■ Exercise description ■
Please return the lines from the one with "G70은 고급감에 초점을" through the end of the listing below, word for word, with every picture left out.

--- Provided data Enclosed Below ---

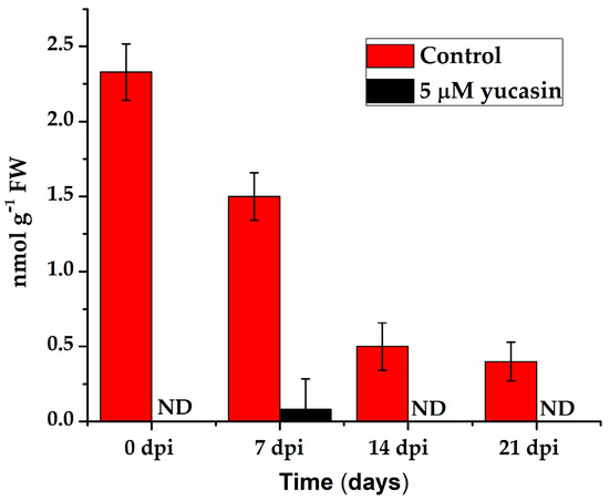 Quantification of the IAA endogenous content in leaf explants of C. canephora treated with 5 µM yucasin. Samples were collected at 0, 7, 14, and 21 days after SE induction. The bars over the columns represent the mean value ± standard error of three independent experiments. ND: not detected.
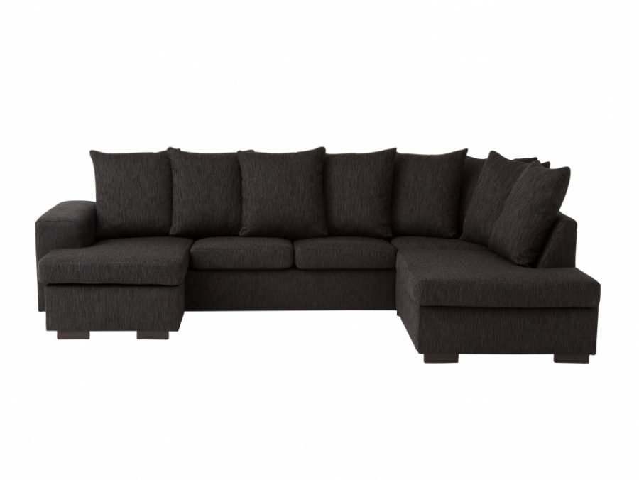 Musta U-sohva koristetyynyillä, valitse joko oikean- tai vasemmanpuoleinen avoin pääty. Mitat: L298 S153/193 K88 cm…. Lue lisää »
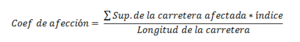 - Una vez realizada la asignación de un índice a cada tramo afectado, se ha sacado un coeficiente de afección de cada aspecto medio-ambiental en cada carretera calculado a través de la siguiente fórmula:
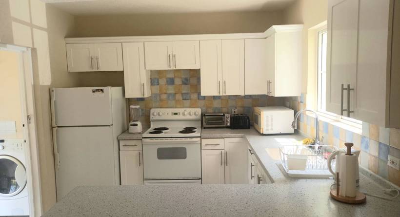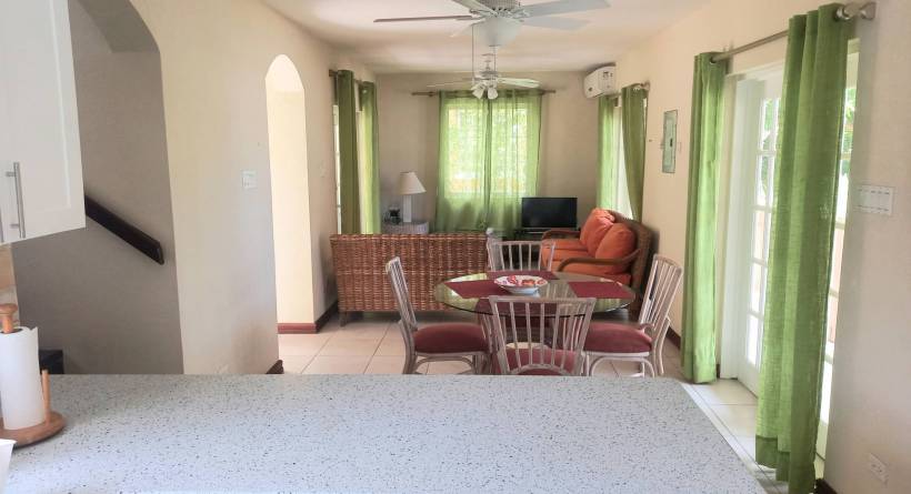 This lovely fully furnished townhouse comprises of 2 bedrooms and 2.5 bathrooms and is located in a desirable residential community. It is ideal for a small to medium sized family. On the ground floor there is an open plan living, dining and kitchen area as well as a laundry room and a powder room. Two double French doors in the living and dining areas open onto a covered patio with garden views. The kitchen is of modern design with Decoran countertops. The upper level comprises of two en-suite bedrooms with walk-in closets. One of the bedrooms is complemented by a covered balcony with garden views. The unit is one of two in a block of townhouses in the complex where there are a two blocks comprising of two townhouses each. The grounds are tastefully manicured with a mixture of grass and plants and is fully enclosed. The townhouse is located across the road from the southern end of Pendry Barbados (formally Port Ferdinand Luxury Marina & Residences) on the West Coast. It is within walking distance to the beach and is in very close proximity to Speightstown. Other features include: air conditioning and ceiling fans in both bedrooms; air conditioning and ceiling fans in the living and dining areas; Internet and cable TV ready; and carport. No Pets allowed. Garden maintenance is included. The inclusion of utilities in the rental rate is optional. Available from 1st May, 2026.
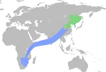 The Amur falcon breeds in east Asia from the Transbaikalia, Amurland, and northern Mongolian region to parts of North Korea. They migrate in a broad front through India and Sri Lanka, sometimes further east over Thailand and Cambodia and then over the Arabian Sea, sometimes in passage on the Maldives and other islands to reach southern Africa. Birds going over India are thought to be aided by strong winds blowing westward. These winds are strong at an altitude of about 3000m and the birds are thought to fly at a height of above 1000m during migration.[9] The route taken to return to their breeding grounds runs slightly more northward. Because of its tendency to wander long distances over the ocean while migrating, this falcon has been found in locations far outside its normal range, such as in Italy, Sweden, Tristan da Cunha, St. Helena and the United Kingdom.[8][2]
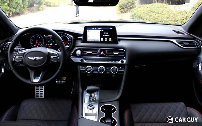 G70은 고급감에 초점을 맞춘 느낌이다. 우선 차량에 다가가면 제네시스 로고 모양의 웰컴 라이트가 반겨준다. 문을 열고 실내로 들어와서 느껴지는 감각이 정말로 고급스럽다. 대시보드를 이루는 거의 모든 부분을 가죽으로 마감했다. 좌석과 도어 패널에도 퀼팅을 했다. 프리미엄 차급에서나 볼 수 있는 고급감이다.
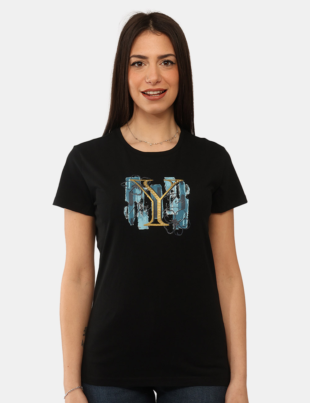 T-shirt YES ZEE Nera: essenziale con un tocco brillante

--- End of Enclosed Provided data ---

■ Written reply ■
 G70은 고급감에 초점을 맞춘 느낌이다. 우선 차량에 다가가면 제네시스 로고 모양의 웰컴 라이트가 반겨준다. 문을 열고 실내로 들어와서 느껴지는 감각이 정말로 고급스럽다. 대시보드를 이루는 거의 모든 부분을 가죽으로 마감했다. 좌석과 도어 패널에도 퀼팅을 했다. 프리미엄 차급에서나 볼 수 있는 고급감이다.
 T-shirt YES ZEE Nera: essenziale con un tocco brillante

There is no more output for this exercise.